Tanzu Standard for Telco provisions and manages the lifecycle of Tanzu Kubernetes clusters.

A Tanzu Kubernetes cluster is an opinionated installation of Kubernetes open-source software that is built and supported by VMware. With Tanzu Standard for Telco, administrators provision and use Tanzu Kubernetes clusters in a declarative manner that is familiar to Kubernetes operators and developers.

Figure 1. Tanzu Standard for Telco Architecture

Cluster API for Life Cycle Management

The Cluster API (CAPI) brings declarative, Kubernetes style APIs for cluster creation, configuration, and management. CAPI uses native Kubernetes manifests and APIs to manage bootstrapping and life cycle management of Kubernetes.

CAPI relies on a pre-defined cluster YAML specification that describes the desired state of the cluster and attributes such as the class of VM, size, and the total number of nodes in the Kubernetes cluster.

Based on the cluster YAML specification, the Kubernetes admin can bootstrap a fully redundant, highly available management cluster. From the management cluster, additional workload clusters can be deployed on top of the Telco Cloud Platform based on the CAPI extensions. Binaries required to deploy the cluster are bundled as VM images (OVAs) generated using the image-builder tool.

The following figure shows the overview of bootstrapping a cluster to deploy Management and Workload clusters using CAPI.

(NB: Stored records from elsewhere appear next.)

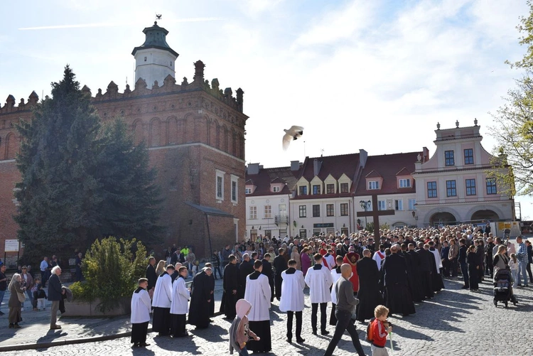Droga Krzyżowa zgromadziła licznych wiernych, którzy wraz z duchowieństwem rozważali Mękę Pańską. Krzyż na kolejnych odcinkach drogi nieśli przedstawiciele różnych wspólnot i stanów m.in. młodzież z sandomierskich parafii, strażacy, Przyjaciele Oblubieńca, Wojownicy Maryi, Rycerze Kolumba, kapłani, klerycy i siostry zakonne.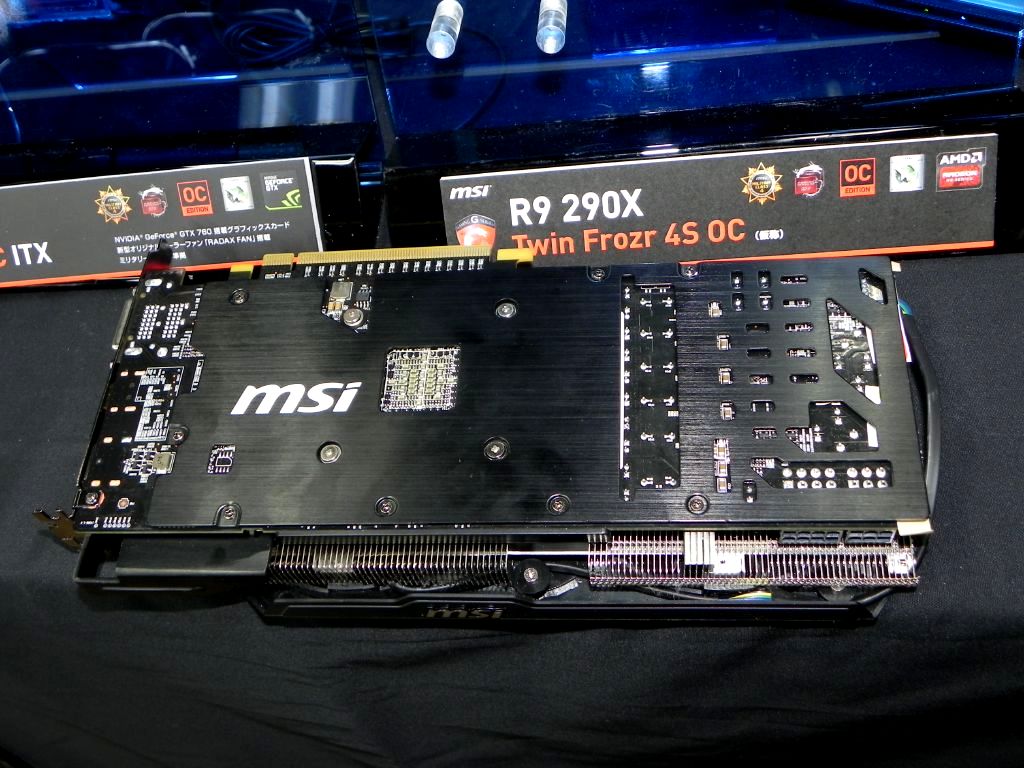 Если сравнить фото Gaming-версий Radeon R9 290X и GeForce GTX 780 Ti от Micro-Star, то отчетливо видно, что система охлаждения R9 290X включает более широкий алюминиевый радиатор, который обдувается двумя 100-мм вентиляторами. Точной информации о количестве тепловых трубок пока нет.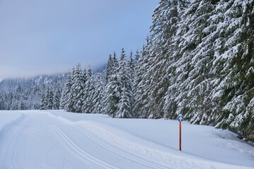 on the pole there is a direction arrow with the inscription Christmas against the backdrop of a winter forest, sunny day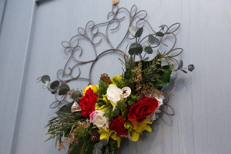 テイストを作るポイントはファブリック。カーテンやクッションなどが担当します。ドアや壁に掛けられたリースなど、インテリア雑貨を置くことでも雰囲気はさらに上がります。きっと北欧ではお花を飾ることで温もりを感じ、春の訪れを待ちわびているのでしょう。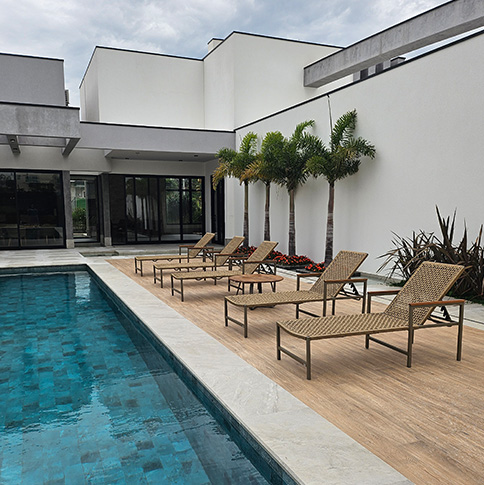 Puro luxo em cada detalhe. A Espreguiçadeira Arbois combina acabamento em cordão náutico com detalhes em madeira cumaru, criando uma peça imponente e elegante. Cada elemento foi pensado para transformar áreas externas em ambientes de alto padrão — simplesmente deslumbrante.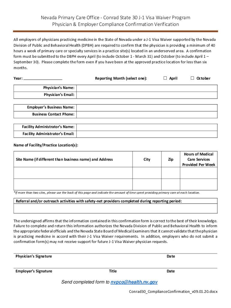Nevada Primary Care Office Conrad State 30 J1 Visa Waiver Program Physician & Employer Compliance Confirmation Verification All employers of physicians practicing medicine in the State of Nevada under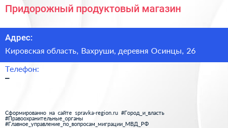 Придорожный, продуктовый магазин по адресу Кировская область, Вахруши, деревня Осинцы, 26 в дальнейшем Организация, размещена в следующих категориях: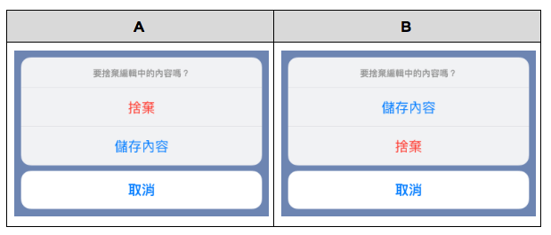 在 iOS 與 macOS 中,有「將表示同意的動(dòng)作放在右邊,表示不同意的動(dòng)作放在左邊」的定義,請(qǐng)遵守這個(gè)資訊的排列規(guī)則。但注意在 Windows 或者舊版的 Android 中,這個(gè)規(guī)則剛好是反過(guò)來(lái)的。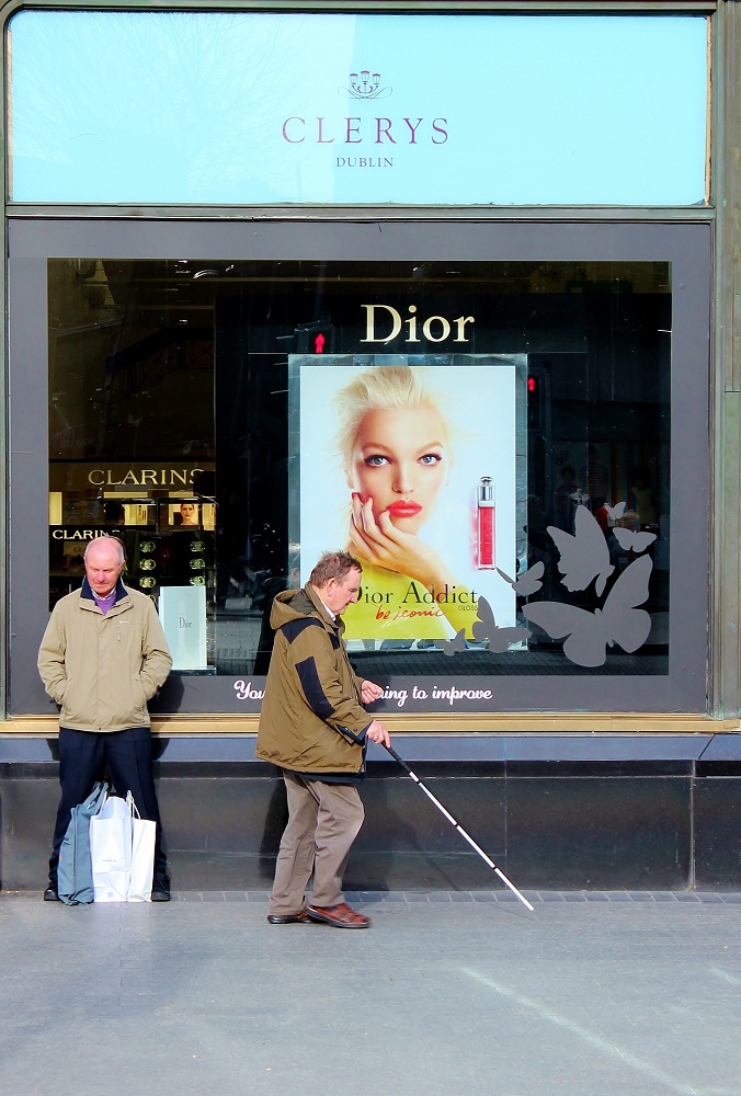 Tra i vari sinonimi di quel ''improve'' scritto sulla vetrina davanti al soggetto mi piace tradurla come migliorare, in parte lo è...il non vedente (credo, perlomeno dal bastone mi fa pensare a questo) che se va per la sua strada e l'altra figura, fermo in attesa di qualcuno o di qualcosa, trasmette un segnale di speranza.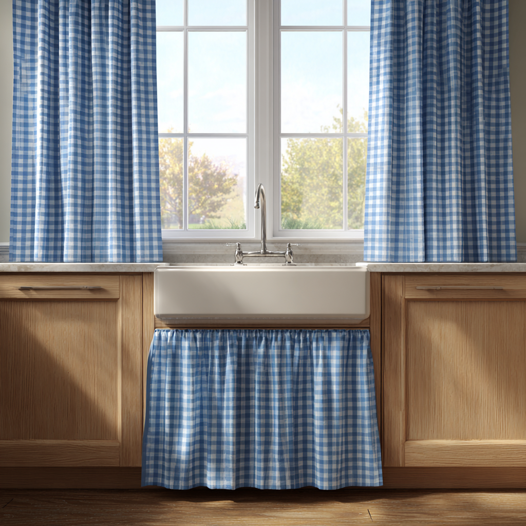 Gingham panels bring that sweet, farmhouse charm right to your sink. The tiny checks add pattern without overwhelming the space. Want something that feels nostalgic but still fresh? This is it.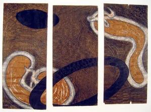My family traveled to the island of Aruba 14 years ago and while there we visited the only site of any archeological significance, a cave with pictographs from the now nearly extinct Arawak tribe. I have always been drawn to historical perspectives that are not well documented, like ethnic extinction, and I took pictures of the cave drawings. Many years later I dug up the pictures and was struck by the symbolism and beauty of these ancient images. Around the same time a friend gave me a large set of fine wood veneers. I immediately began to print lino-cuts of the Arawak signs onto the wood and added paint, wax, and glazes.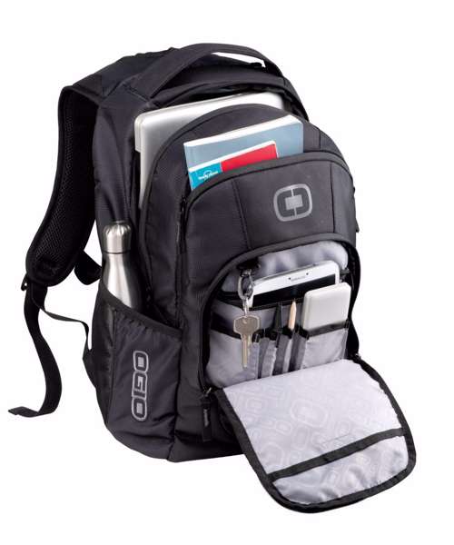 15.6" laptop backpack made from durable material with dedicated padded tablet sleeve. Features a spacious main and large secondary compartment, front compartment with organisational panel, zipped pocket and key fob. Padded back with moisture-wicking air mesh and padded shoulder straps. 600D of Polyester Dobby.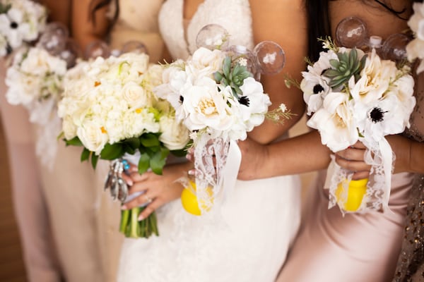 Jena and Scott’s ceremony was full of unique and personal touches – like bubble wand bridal bouquets and a dancing processional. Jena shared that “walking down the iconic blue and gold staircase and being in the Atrium was a surreal moment.”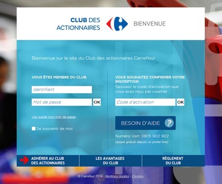 Dans un premier temps, il faut trouver l’adresse du site internet conçu à l’occasion par la société Seitosei : https://www.clubactionnaires.carrefour.com/fr/ pour les personnes de langue française.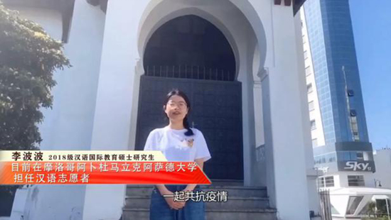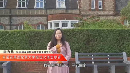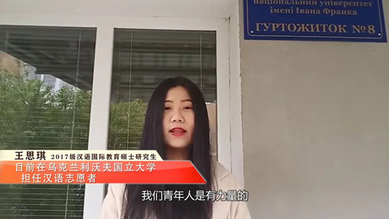 “我现在在乌克兰的利沃夫国立大学做汉语教师志愿者,面对全球疫情,我想对身边的青年人说:青年人要有社会责任感,在疫情中,在做好自己本职工作的同时为疫情防控做出力所能及的贡献;我们青年人是有力量的,应该团结起来,共同对抗疫情。另外,我想对自己的家人说:现在国内的疫情已经慢慢好转,恢复了正常的工作和生活,要保持积极乐观的心态,注意身体,照顾好自己,我在国外一切安好,不用担心。”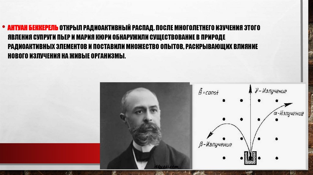 • АНТУАН БЕККЕРЕЛЬ ОТКРЫЛ РАДИОАКТИВНЫЙ РАСПАД. ПОСЛЕ МНОГОЛЕТНЕГО ИЗУЧЕНИЯ ЭТОГОЯВЛЕНИЯ СУПРУГИ ПЬЕР И МАРИЯ КЮРИ ОБНАРУЖИЛИ СУЩЕСТВОВАНИЕ В ПРИРОДЕ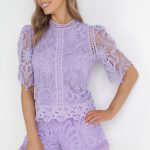 Jasnoniebieska Koszula z Koronkowymi Rękawami i Kołnierzem Mavisa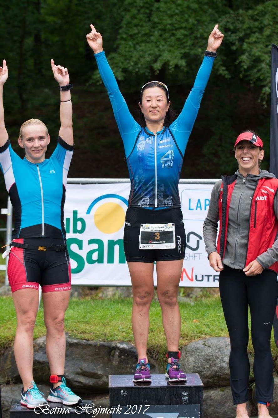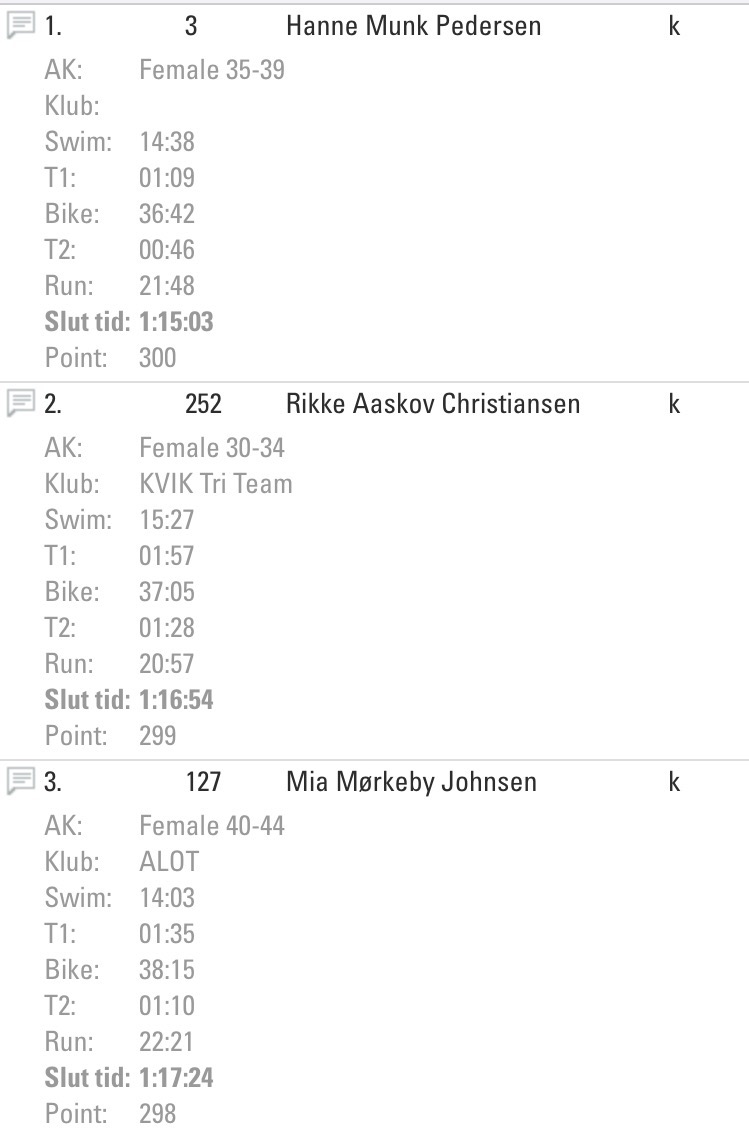 I mål går jeg direkte ud for at skifte tøj og mens jeg er i gang, bliver der råbt udefra om “der er en, der hedder Mia derinde – for du skal på podiet nu”. Jeg kaster noget tøj på og løber i bare tæer på den våde asfalt hen til podiet. Der gives highfives og gratuleres.

Tanzu Standard for Telco Management and Workload Clusters

Tanzu Kubernetes Management Cluster is a Kubernetes cluster that functions as the primary management and operational center for the Tanzu Standard for Telco instance. In this management cluster, the Cluster API for vSphere (CAPV) runs to create Tanzu Kubernetes clusters and you configure the shared and in-cluster services that the clusters use.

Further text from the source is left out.